The whole listing, please: repeat it exactly, with the pictures left out.

**Input data**

================

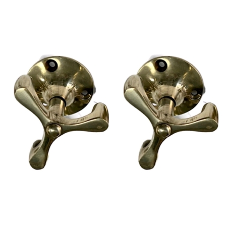 2 small Vintage spinning deco solid BRASS wardrobe HOOKS, kitchen, ceiling hooks, coat bag hooks, cabinet hardware, antique brass
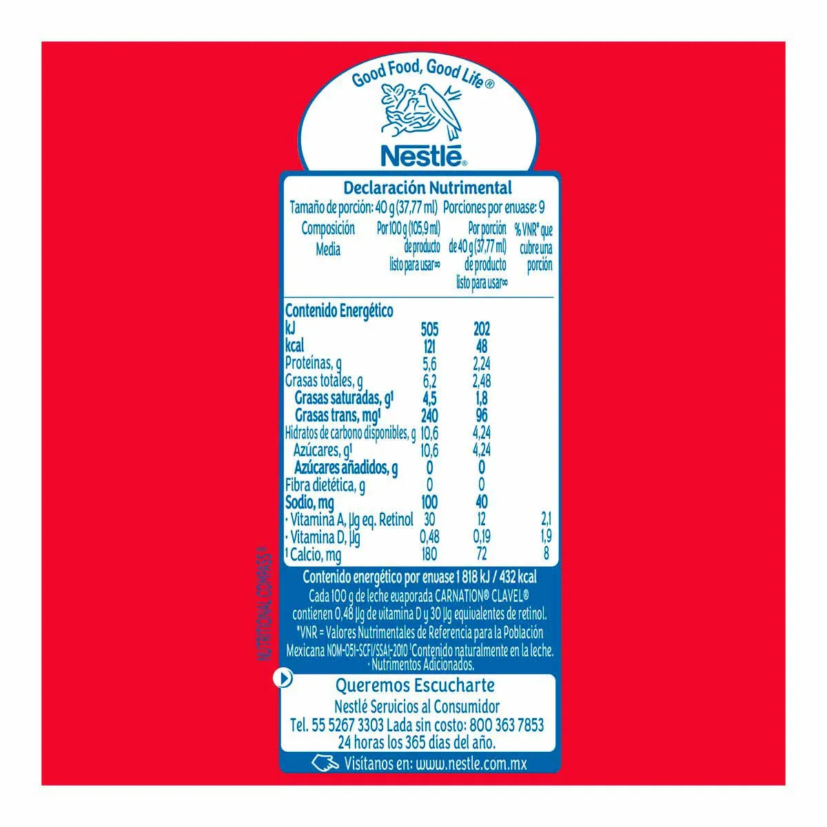 Leche Evaporada Nestlé Carnation Clavel Original Lata 360g
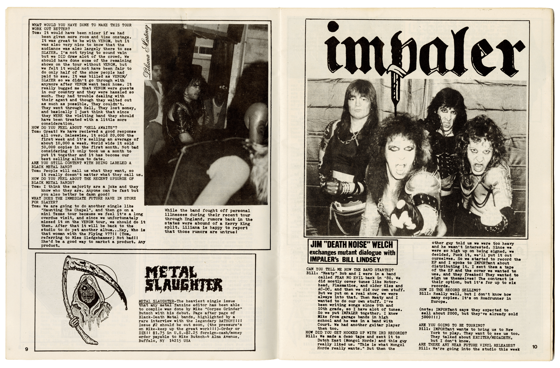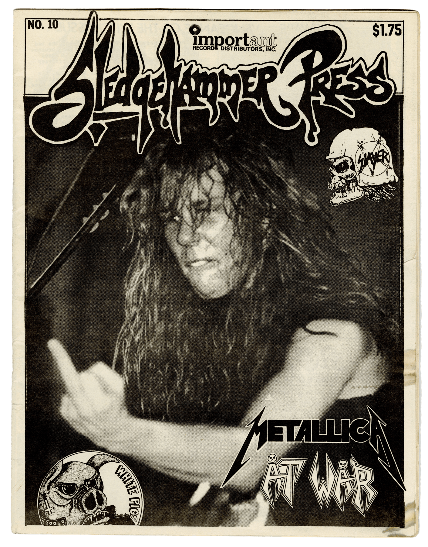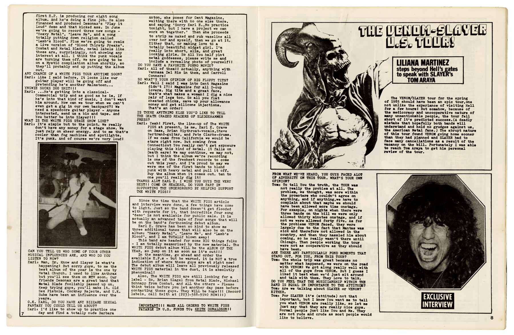 8-10. Issue 10 of U.S.-based fanzine Sledgehammer Press features a full interview with Tom Araya about the challenges and triumphs of the Hell Awaits tour. Araya speaks candidly about limited stage time, the band’s growing fanbase, and the sales success of Hell Awaits. “It sold 50,000 copies worldwide,” he says. “Not bad considering it only took a month to do.” From the Collection of Kerry King

================

**Reply**
 2 small Vintage spinning deco solid BRASS wardrobe HOOKS, kitchen, ceiling hooks, coat bag hooks, cabinet hardware, antique brass
 Leche Evaporada Nestlé Carnation Clavel Original Lata 360g
 8-10. Issue 10 of U.S.-based fanzine Sledgehammer Press features a full interview with Tom Araya about the challenges and triumphs of the Hell Awaits tour. Araya speaks candidly about limited stage time, the band’s growing fanbase, and the sales success of Hell Awaits. “It sold 50,000 copies worldwide,” he says. “Not bad considering it only took a month to do.” From the Collection of Kerry King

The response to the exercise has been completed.